ロータリーエンコーダは写真18の下側のような、コパルのRES20-50-200-Lを使っています。一回転50パルスで、割とねっとりとした感触の回り方をします。10年近く前に、秋葉原にて1個1000円で入手したものですが、すでに入手不可能です。ワイヤーが短く、このままではコネクタが届きませんので、上側のように延長しました。接続部分はハンダ付けをし、熱収縮チューブで仕上げています。
Sメータは、目盛をパソコンで作ってラジケータに貼り付けて使っています。この部分はプロトタイプの方が高級なSメータになってしまいました。スペース的にもこの方法が最良と思います。
写真17. サブパネルを使ってLCD等を固定しています。パネル面にネジが出ないようにするためです。
写真18. 使用したロータリーエンコーダです。コネクタを延長しています。
5.ソフト
ソフトはアセンブラで作っています。CPUはAVRのAT90S2313と少々古いICです。ソフトは常にロータリーエンコーダの動作とキーダウンを監視しています。キーが押される、つまり送信となるとDDSの出力を7MHzとします。キーが戻るとDDS出力をIF周波数分だけシフトします。

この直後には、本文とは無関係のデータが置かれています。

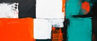 Een harmonieus samenspel van krachtige kleuren trekt onmiddellijk de aandacht. Levendig oranje ontmoet koel groenblauw en gedurfd zwart, terwijl helder witte oppervlakken voor contrast zorgen. Dit levendige kunstwerk brengt frisse energie in elke woonkamer en creëert een inspirerende sfeer om te ontspannen en te vertoeven.

受信時にはロータリーエンコーダの動作を見に行きますが、送信時には見に行きません。周波数を変えるのは受信時のみという思想からです。
元にしたソフトは、2004年のハムフェア自作品コンテストで自由部門の最優秀賞を受賞したDDS SGで、これをトランシーバー用にマイナーチェンジしています。高級言語は使えないため、全てアセンブラで組んでいます。「全て自分の掌で動かすのだ」というのは、完全な負け惜しみです。
ソフトの開発は写真19のようなテストボードを用い、DDS,LCDなどを実際に動かしながら行いました。このままでも直接受信機程度なら動作させる事ができます。
写真19. ソフト開発の様子です。
簡単に済ませるため、10進表示データ、受信用ヘキサデータ、送信用ヘキサデータ、RITデータと4つのテーブルを持たせ、それぞれから1ステップ毎に加減算しています。このDDSの分解能としては1ステップ=1ヘルツですので、このような方法としています。本当は10進表示からIF周波数を加減算してヘキサに変換したいところですが、スピードとソフトのリソースの関係でやめています。なお、ソフト的には1ステップは1Hzですが、それではダイヤル一回転での速度が遅くなってしまいますので、1ステップは10Hzで設定しています。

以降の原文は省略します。